Figure 4: Data Anonymisation during Data Pre-processing
Personally Identifiable Information (PII) / Personal Data
This means any informaton relating to an identified or identifiable natural person (data subject); an identifiable natural person is one who can be identified, directly or indirectly, in particular by reference to an identifier such as a name, an identification number, location data, an online identifier or to one or more factors specific to the physical, physiological, genetic, mental, economic, cultural or social identity of that natural person Information Commissioner’s Office.
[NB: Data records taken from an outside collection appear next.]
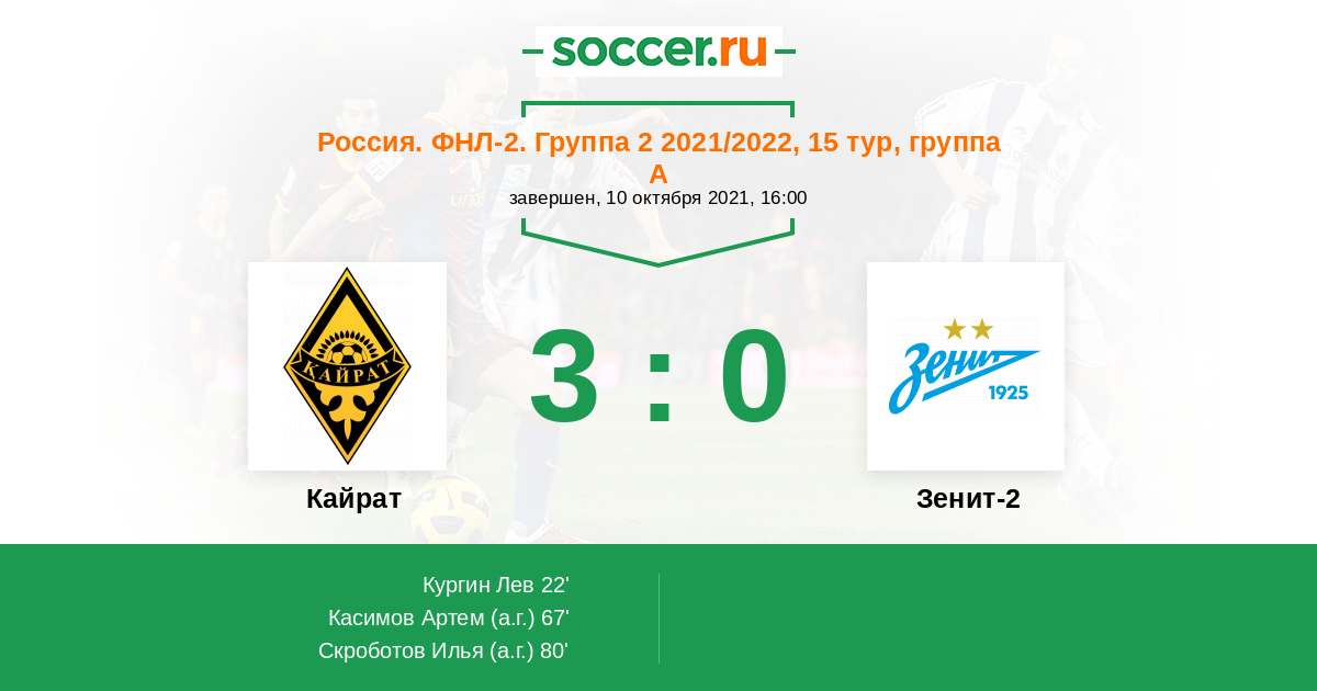 Протокол матча Кайрат против Зенит-2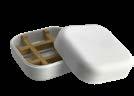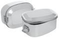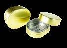 Sonderform flaches Ei; Stülpdeckeldose aus elektrolytischem Weißblech; bedruckt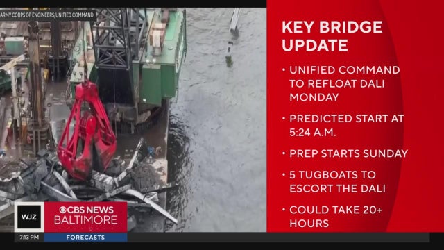 Dali, the cargo ship that crashed into the Francis Scott Key Bridge in Baltimore before its collapse, is set to be refloated Monday after nine weeks of salvage efforts requiring the use of giant floating cranes and explosives.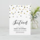 Celebrate your special day with this simple minimal 16th birthday party invitation. This design features a stylish lettering script "Sixteen" with hexagon-shaped confetti with a black & gold colour combo. More designs available at my shop BaraBomDesign.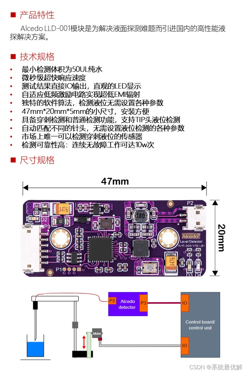 液面探测系统是医学临床全自动检验仪器必不可少的一项核心功能组件,其通过控制采样针探入待转移液体的深度,从而最大程度地解决因 采样针外表面附着液体引起的仪器交叉污染高和加样误差大的问题。高可靠、高灵敏度的液面探测系统不仅可降低采样针外表面液体携带量,同时也可避免仪器采样系统 “空吸”和“撞针”等误动作。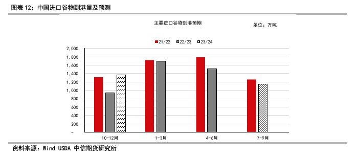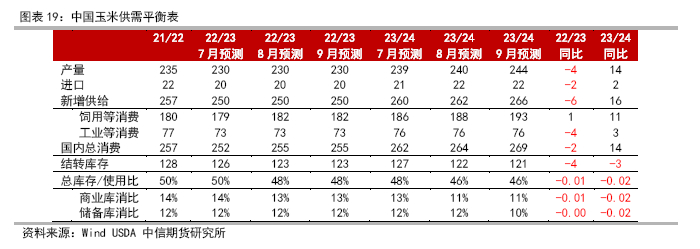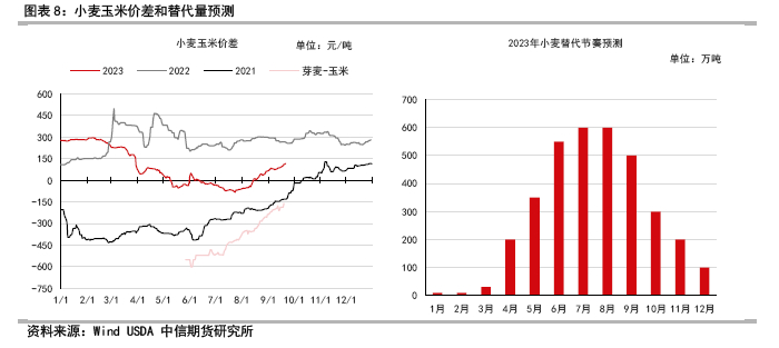 从小麦的年度供需格局看,2023/24总体产量下滑,优质小麦比例偏低,四季度开始面粉需求进入季节性旺季,小麦价格预计震荡偏强,月度饲用量减少,而到明年2季度预计体现供需偏紧的格局,陈麦结转库存有限,对新麦价格有支撑作用,如果无严重芽麦情况,预计饲用量将较今年显著下降。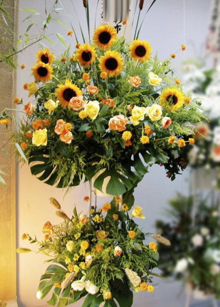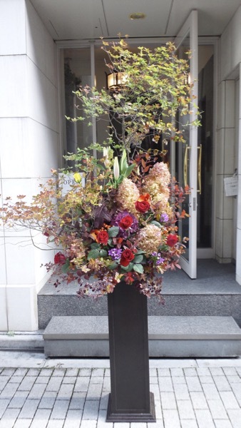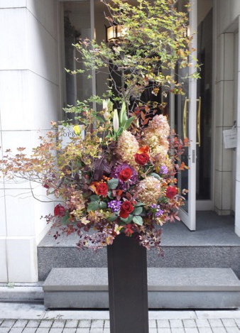 紅葉の枝や秋色アジサイを入れて、壇上に季節感を。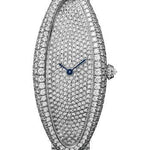 47 mm x 21 mm rhodiumized 18K white gold case, rhodiumized 18K white gold beaded crown set with a brilliant-cut diamond, sapphire crystal, caliber 1917 MC manual movement, rhodiumized 18K white gold bracelet set with brilliant-cut diamonds. Water resistant to 3 bar (approx. 30 meters/100 feet).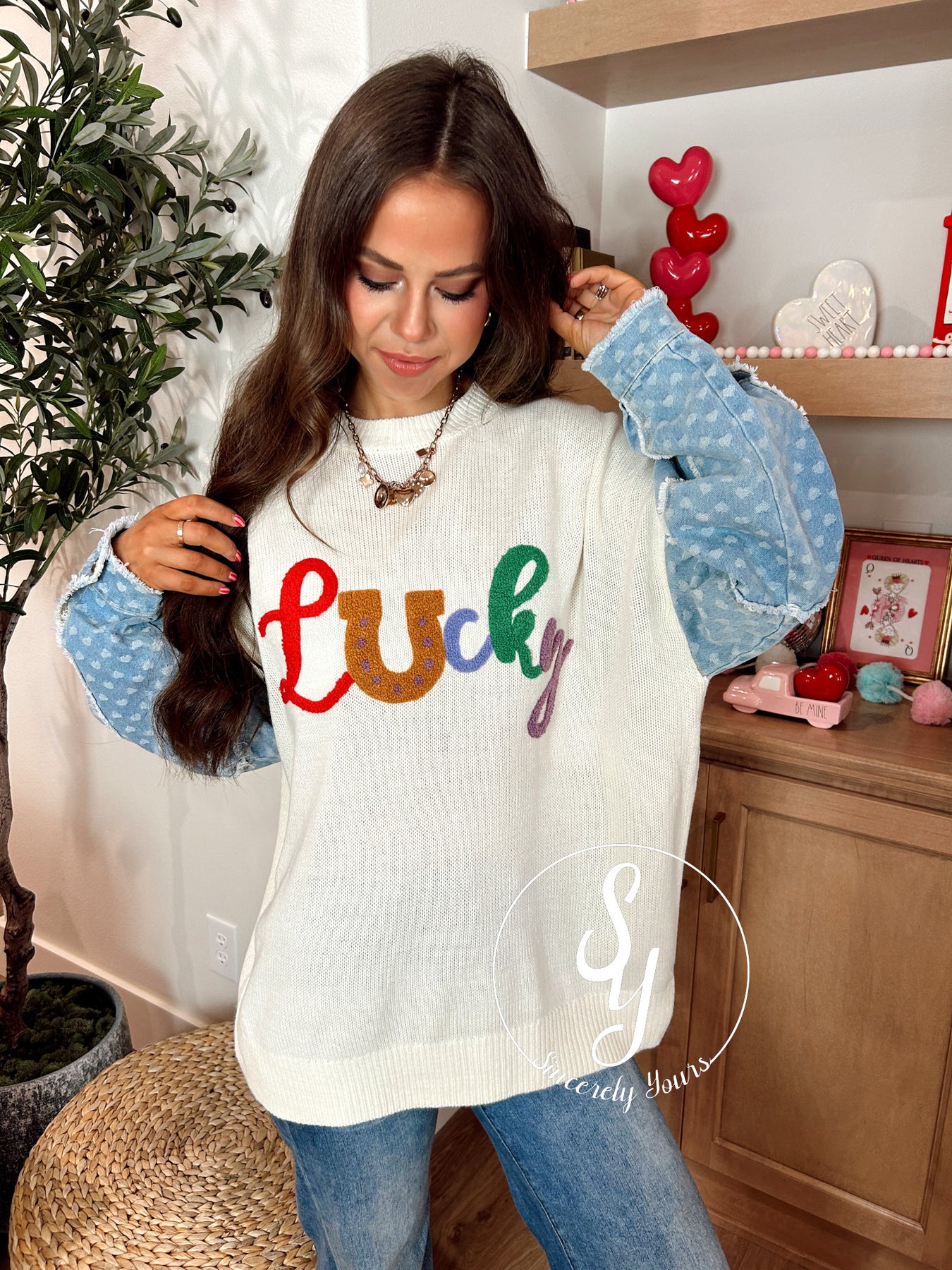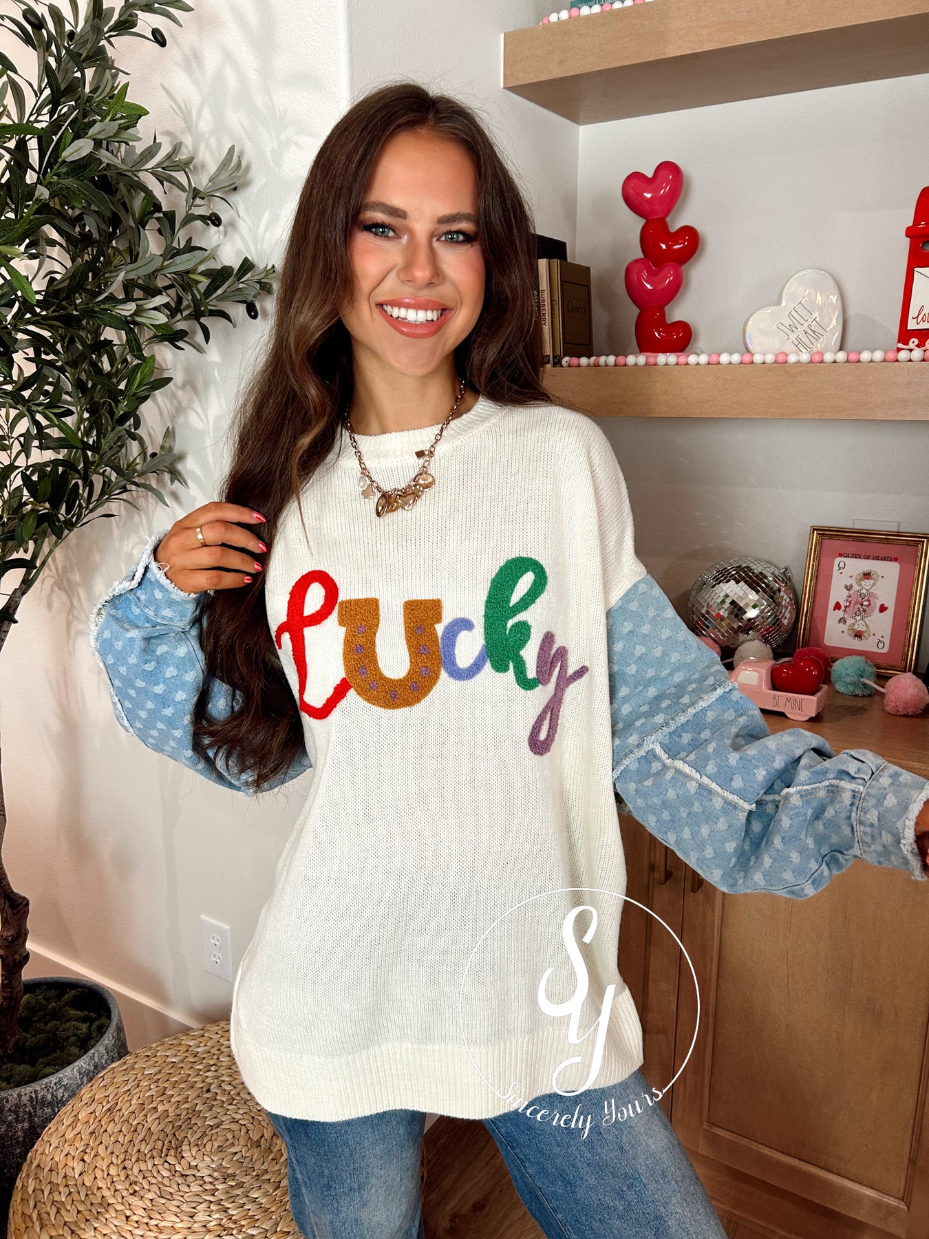 Feeling lucky in love? This charming ivory sweater brings the perfect blend of cozy comfort and unexpected style. The soft, neutral base pairs beautifully with eye-catching denim sleeves that add a playful twist to your everyday wardrobe. It's the kind of piece that makes you smile every time you put it on—effortlessly chic and totally unique.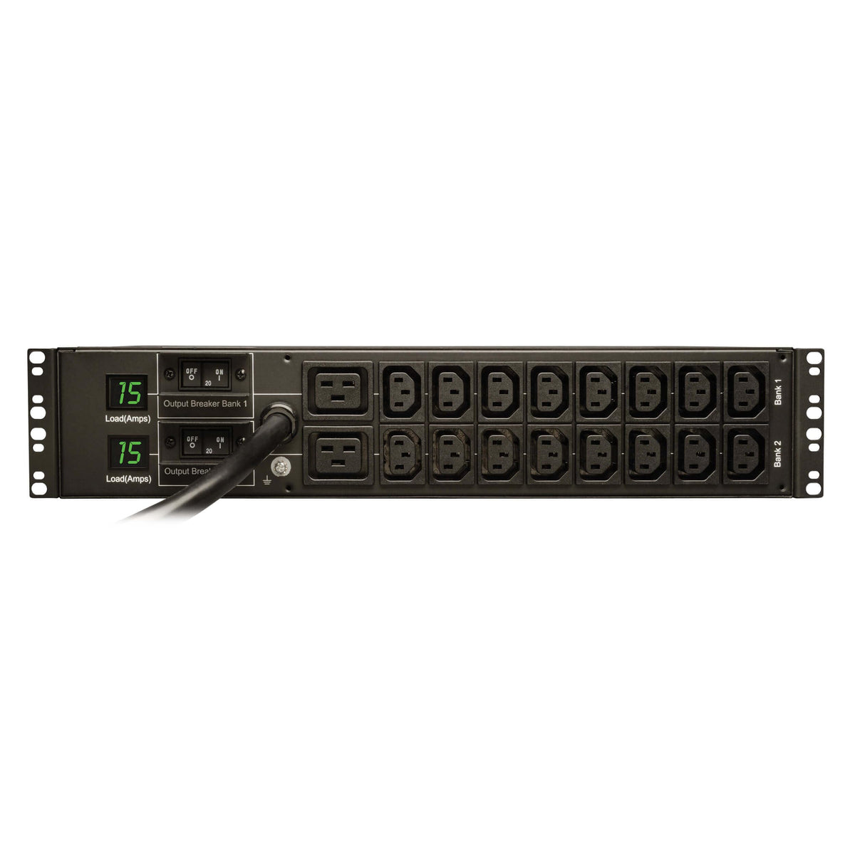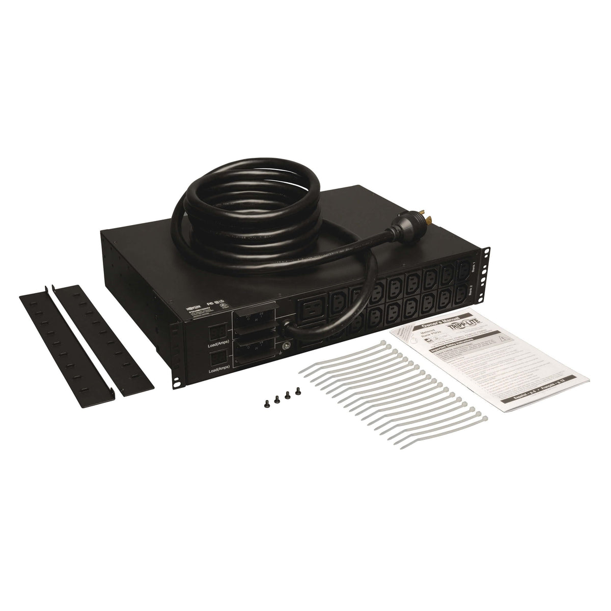 Pdumh30Hv Horizontal 2U Metered Rack Pdu Supports 30A Maximum Capacity At 208/240V (Agency Derated To 24A Continuous). Includes 12 Ft/3.6M Attached Line Cord With L6-30P Input Plug And 18 Output Receptacles (16 C13, 2 C19). Outlets Are Arranged In Two Separately Breakered 9 Outlet Load Banks. Set Of Two Visual Current Meters Tracks The Output Current Of Each Load Bank Separately. Supports 2U Rack Mount Installation In 19 Inch Racks. Included Cord Retention Brackets Keeps Vital Network Equipment Plugged In And Continuously Powered. Tripp Lite Metered Power Distribution Units Give It Managers The Ability To Monitor Network Power Consumption Levels To Prevent Mains, Generator, Ups Or Pdu Overloads And To Ensure Proper Load Balance In Complex Redundant Power Applications. Built-In, Easy To Read, Two-Character Led Display Offers Continuous Pdu Current Monitoring Data In One-Amp Increments. Switch-Free Unfiltered Electrical Pass-Through Reliably Distributes Ups Or Generator Power To Multiple Servers And Vital Networking Equipment In Rack Enclosures, Network Closets And More. Included Mounting Brackets Support Horizontal Installation In 19 Inch Racks Or Other Surfaces, Such As Under-Counter Or Wall Mount Configurations.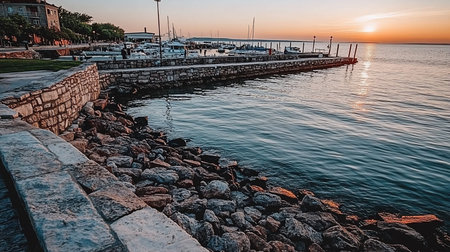 A tranquil sunset view of a harbor with moored boats, captured from a stone embankment. The water reflects the warm hues of the setting sun, creating a peaceful atmosphere.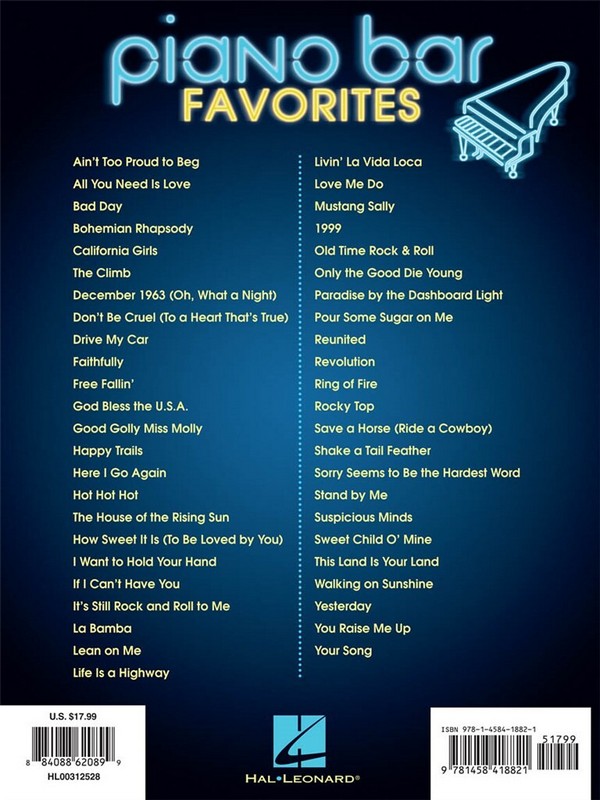 over 45 great Songs 1999 Ain't Too Proud To Beg All You Need Is Love Bad Day Bohemian Rhapsody California Girls December 1963 (Oh, What A Night) Don't Be Cruel (To A Heart That's True) Drive My Car Faithfully Free Fallin' God Bless The U.S.A. Good Golly Miss Molly Happy Trails Here I Go Again Hot Hot Hot How Sweet It Is (To Be Loved By You) I Want To Hold Your Hand If I Can't Have You It's Still Rock And Roll To Me La Bamba Lean On Me Life Is A Highway Livin' La Vida Loca Love Me Do Mustang Sally Old Time Rock & Roll Only The Good Die Young Paradise By The Dashboard Light Pour Some Sugar On Me Reunited Revolution Ring Of Fire Rocky Top Save A Horse (Ride A Cowboy) Shake A Tail Feather Sorry Seems To Be The Hardest Word Stand By Me Suspicious Minds Sweet Child O' Mine The Climb The House Of The Rising Sun This Land Is Your Land Walking On Sunshine Yesterday You Raise Me Up Your Song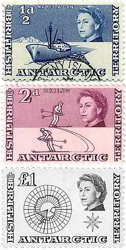 - ↑ The Falkland Islands Philatelic Bureau: British Antarctic Territory (англ.). Дата обращения: 19 июня 2013. Архивировано 19 июня 2013 года.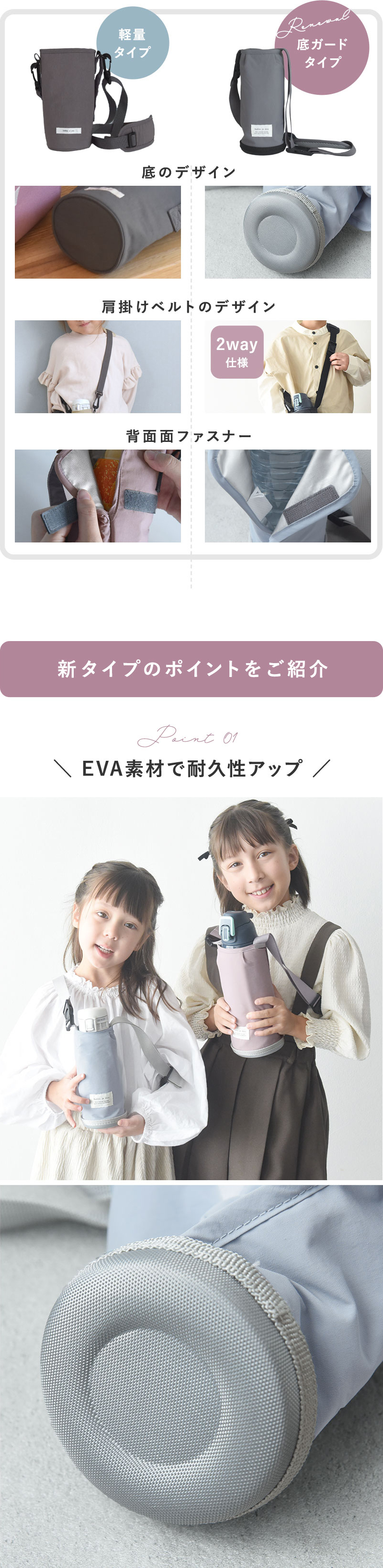Point1:水筒の傷付きをしっかり守る本体には中綿素材の保冷シート、底面にはEVA素材を入れることで、水筒本体をしっかり傷から守ってくれます。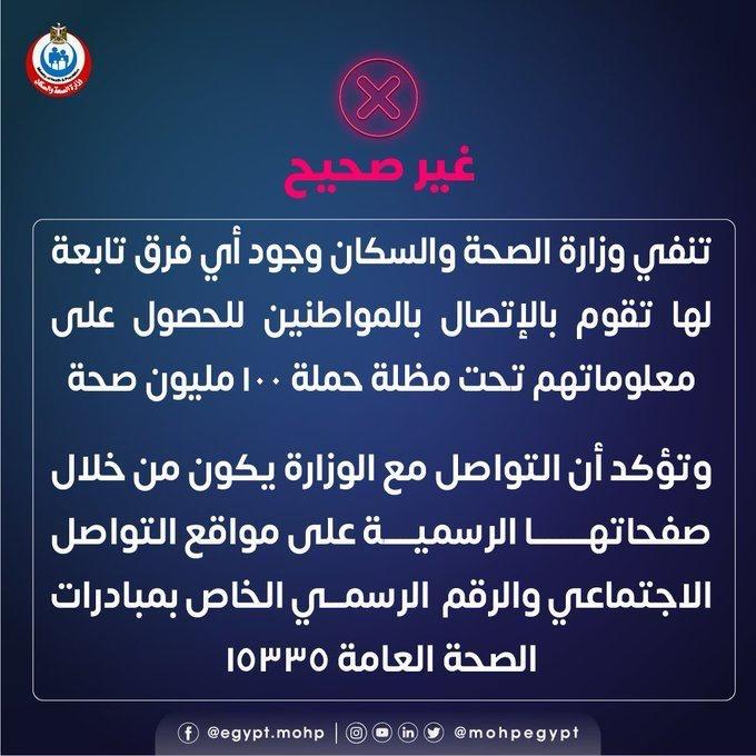 تنفي وزارة الصحة و السكان وجود أي فرق تابعة لها تقوم بالإتصال بالمواطنين للحصول على معلوماتهم تحت مظلة حملة ١٠٠ مليون صحة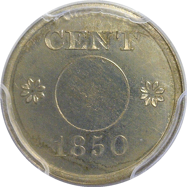 Low R-7. The obverse displays CENT at the top, the date at the bottom, and one star on each side of the center. The center is setup to be a ring planchet but remains unperforated. The reverse is blank except for dentils around the border. Struck in nickel with a plain edge. A light dusting of gold rests upon brilliant surfaces that are nearly mark-free. The single finest graded of this variety at PCGS.

Figure 5: Example of Direct and Indirect Identifiers
PII refers to data that can be used to identify, locate, or contact individuals or establishments, or reveal the characteristics or other details about them. PII might consist of direct identifiers, such as the name, social security number or other information that is unique to an individual. Indirect identifiers include uncommon race, ethnicity, extreme age, unusual occupation and other details CDC.
Direct Identifiers
-
‘Direct identifiers are variables that point explicitly to particular individuals or units’ University of Tennessee.
-
‘Information that explicitly identifies a person’ Devaux.
Direct identifier data must be removed from datasets, as follows:

Figure 6: Example of Removing Direct Identifiers.
Indirect / Quasi-Identifiers
-
‘A quasi-identifier (also called a semi-key) is a subset of attributes which uniquely identifies most entities in the real world or tuples in a table’ Motwani and Xu, 2007.
-
‘Information that can be combined with additional data to identify a person’ Devaux, 2020.
The majority of quasi-identifier data must be removed, as follows:

Figure 7: Example of Removing Indirect Identifiers.
Refactor Data
The anonymisation of data is paramount, it is critical that the following steps are carefully followed.
It is the responsibility of the Data Owner to de-identify datasets before they are supplied for OMOP conversion.
- Organise Data Tables
- Create a demographics table, consisting of:
- Identifier
- Date of Birth
- Sex at Birth
- Ethnicity
- The rest of the data can then be arranged as deemed fit by the data owner and / or the data team, each table must include:
- 1 x identifying column per table.
- 1 x date event per table.
- Create Dataset Extract
-
First, check the Data Standards page for exact requirements.
-
Extract the data from the data source – this can be done in 2 ways:
- export tables to CSV files (1 per table);
- create a view within the database.
-
Prepare a data dictionary for mapping.

Figure 8: Refactoring the Data in Data Preprocessing.
Review
It is essential that all data extracts are reviewed prior to Stage 2.
- Review Dataset Extract
-
Check the agreed data attributes chosen in Stage 1 are selected.
-
Check that the dataset has been anonymised as per Stage 2.
-
Check the demographics table exists and contains these 4 data attributes:
- Identifier
- Date of Birth
- Sex
- Ethnicity
-
Check that there is a date event to map to per dataset table and that it conforms to Carrot Standards.
-
Check that there is a date event to map to per dataset table.
- CHECK WHETHER THE DATA DICTIONARY FOLLOWS OMOP DATA STANDARDS.

Figure 9: Reviewing in Data Preprocessing.